== About this task ==
Your answer must be the exact lines below, starting with the line with "Another old drove" and going on through the line with "一般外形有特點的瑪瑙藏品收藏", both included, with no pictures.

# # #

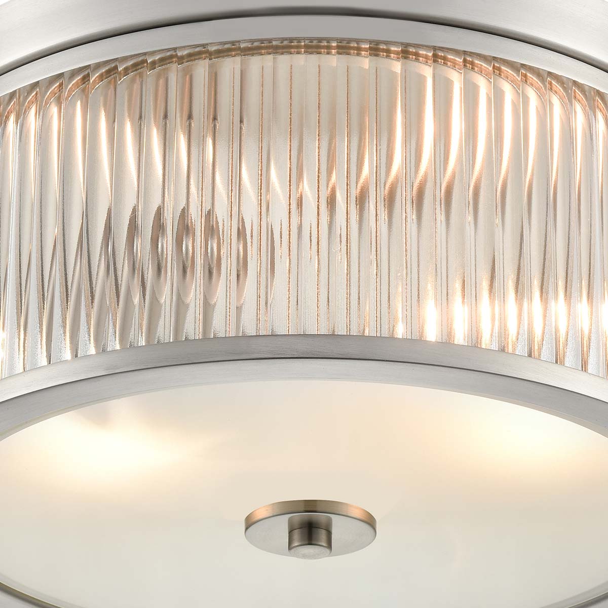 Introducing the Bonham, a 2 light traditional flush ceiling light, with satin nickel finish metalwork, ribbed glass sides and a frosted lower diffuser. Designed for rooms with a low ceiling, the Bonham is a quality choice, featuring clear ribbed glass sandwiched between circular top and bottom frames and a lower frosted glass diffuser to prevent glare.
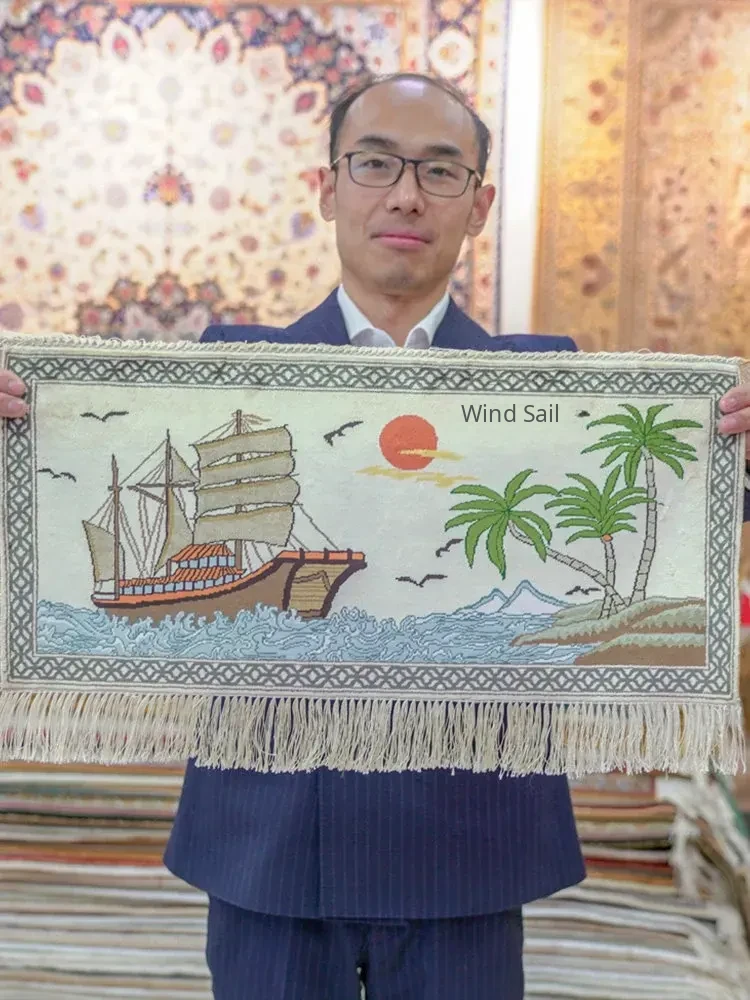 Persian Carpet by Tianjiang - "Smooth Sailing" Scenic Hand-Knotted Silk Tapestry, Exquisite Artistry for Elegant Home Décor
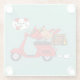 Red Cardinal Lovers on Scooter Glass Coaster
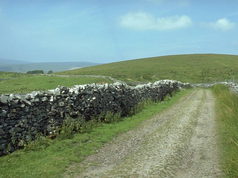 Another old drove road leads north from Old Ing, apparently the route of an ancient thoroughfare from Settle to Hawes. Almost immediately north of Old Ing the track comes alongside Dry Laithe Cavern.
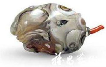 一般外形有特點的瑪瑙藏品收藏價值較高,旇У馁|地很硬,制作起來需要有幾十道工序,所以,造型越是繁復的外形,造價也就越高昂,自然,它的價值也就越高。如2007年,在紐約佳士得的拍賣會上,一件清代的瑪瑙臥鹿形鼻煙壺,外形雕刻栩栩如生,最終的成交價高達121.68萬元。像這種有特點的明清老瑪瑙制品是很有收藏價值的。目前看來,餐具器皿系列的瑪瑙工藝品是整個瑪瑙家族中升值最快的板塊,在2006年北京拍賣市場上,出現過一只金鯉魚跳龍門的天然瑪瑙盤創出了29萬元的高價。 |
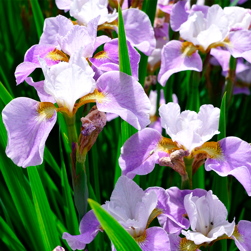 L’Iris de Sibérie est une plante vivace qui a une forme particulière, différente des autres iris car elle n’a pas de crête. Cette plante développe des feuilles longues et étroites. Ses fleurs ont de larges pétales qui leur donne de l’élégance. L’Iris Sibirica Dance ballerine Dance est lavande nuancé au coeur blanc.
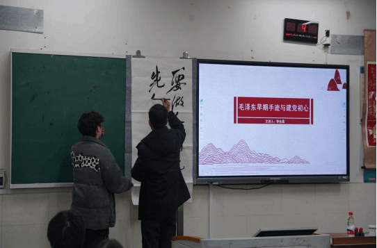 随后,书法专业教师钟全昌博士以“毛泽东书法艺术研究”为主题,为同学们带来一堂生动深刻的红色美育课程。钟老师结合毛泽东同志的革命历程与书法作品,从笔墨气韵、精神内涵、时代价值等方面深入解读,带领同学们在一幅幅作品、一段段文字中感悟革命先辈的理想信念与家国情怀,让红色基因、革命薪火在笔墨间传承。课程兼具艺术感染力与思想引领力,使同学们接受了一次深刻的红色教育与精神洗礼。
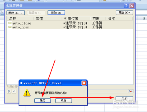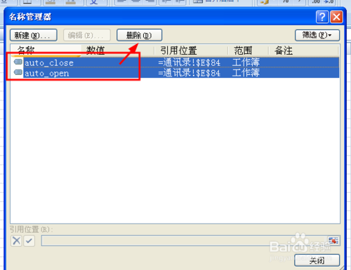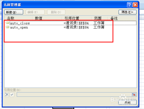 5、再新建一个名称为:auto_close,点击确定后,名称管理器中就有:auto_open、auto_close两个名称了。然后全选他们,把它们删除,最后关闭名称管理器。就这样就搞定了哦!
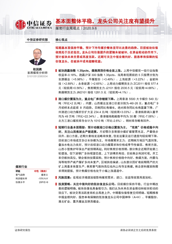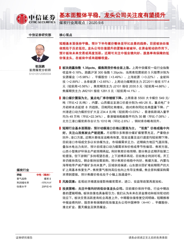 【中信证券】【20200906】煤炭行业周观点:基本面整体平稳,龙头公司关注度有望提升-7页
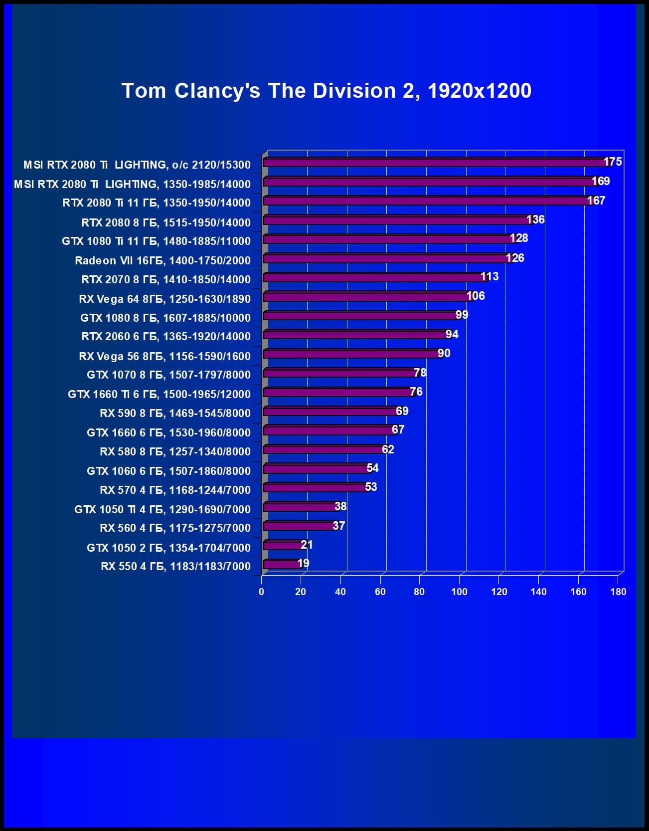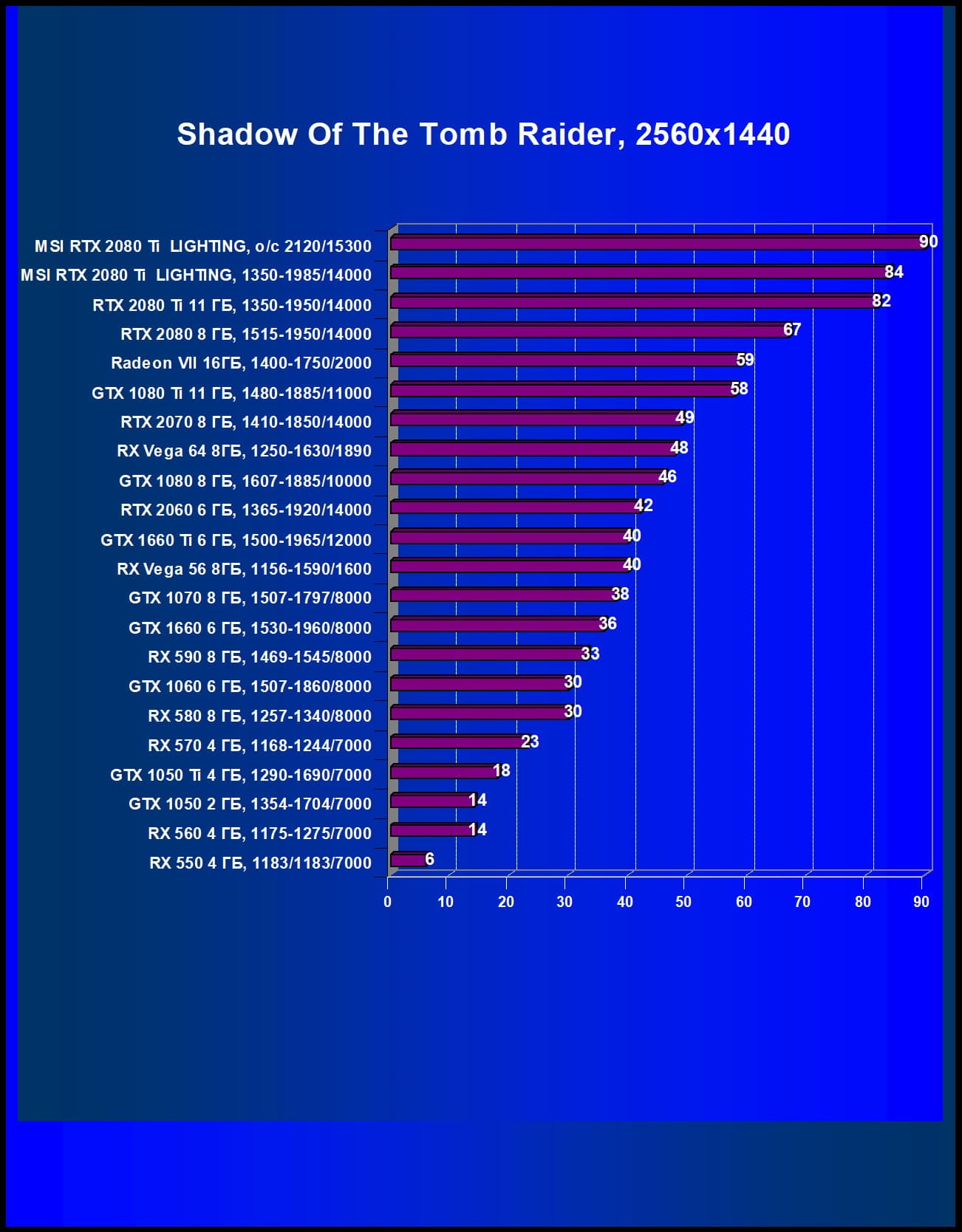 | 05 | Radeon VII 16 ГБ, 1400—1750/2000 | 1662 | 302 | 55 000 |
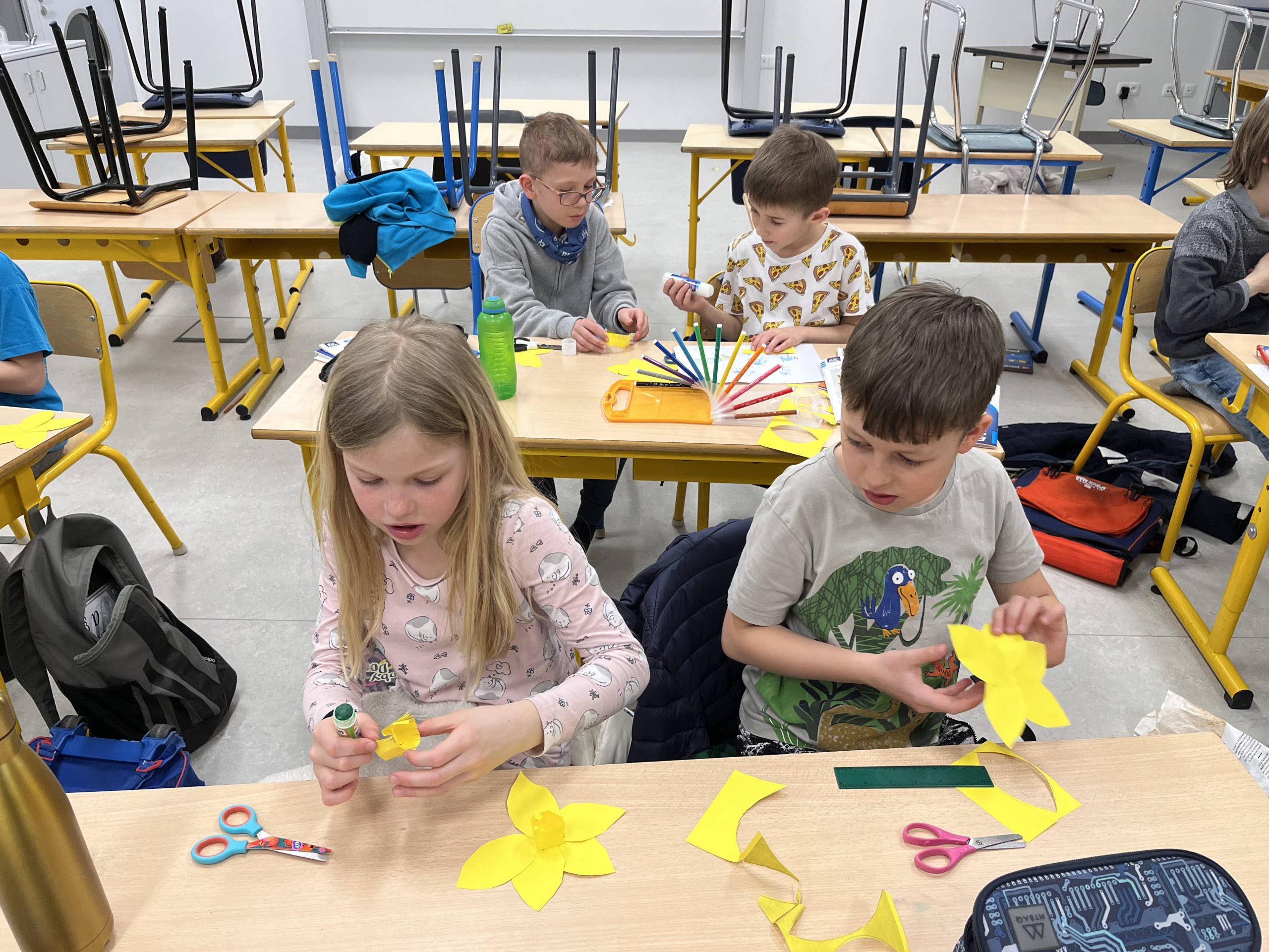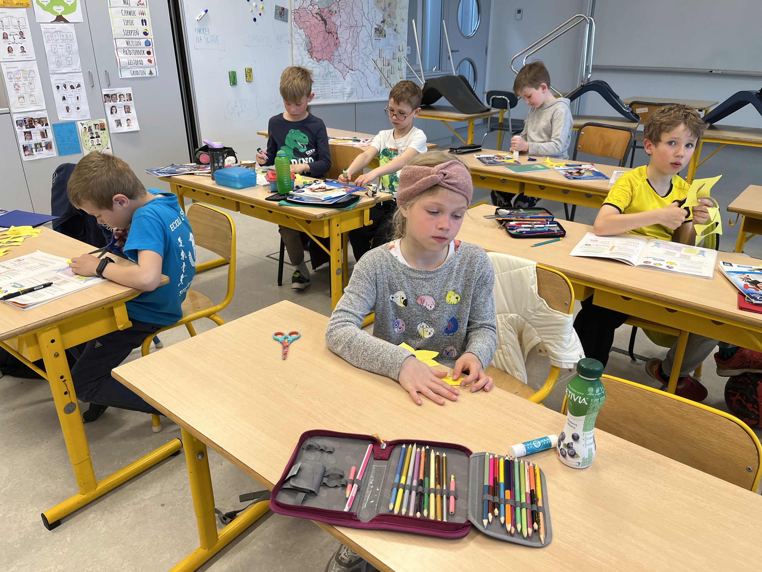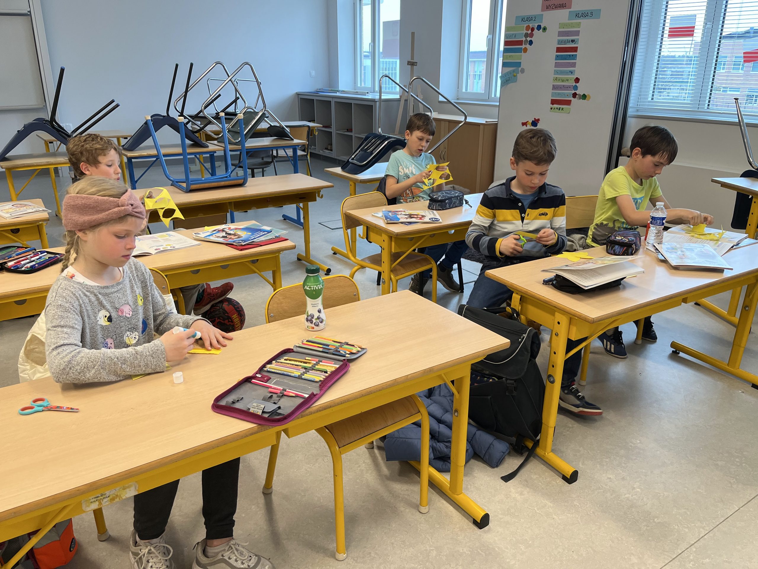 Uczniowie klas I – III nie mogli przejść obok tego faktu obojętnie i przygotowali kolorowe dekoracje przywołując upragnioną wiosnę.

# # #

== Exercise answer ==
 Another old drove road leads north from Old Ing, apparently the route of an ancient thoroughfare from Settle to Hawes. Almost immediately north of Old Ing the track comes alongside Dry Laithe Cavern.
 一般外形有特點的瑪瑙藏品收藏價值較高,旇У馁|地很硬,制作起來需要有幾十道工序,所以,造型越是繁復的外形,造價也就越高昂,自然,它的價值也就越高。如2007年,在紐約佳士得的拍賣會上,一件清代的瑪瑙臥鹿形鼻煙壺,外形雕刻栩栩如生,最終的成交價高達121.68萬元。像這種有特點的明清老瑪瑙制品是很有收藏價值的。目前看來,餐具器皿系列的瑪瑙工藝品是整個瑪瑙家族中升值最快的板塊,在2006年北京拍賣市場上,出現過一只金鯉魚跳龍門的天然瑪瑙盤創出了29萬元的高價。 |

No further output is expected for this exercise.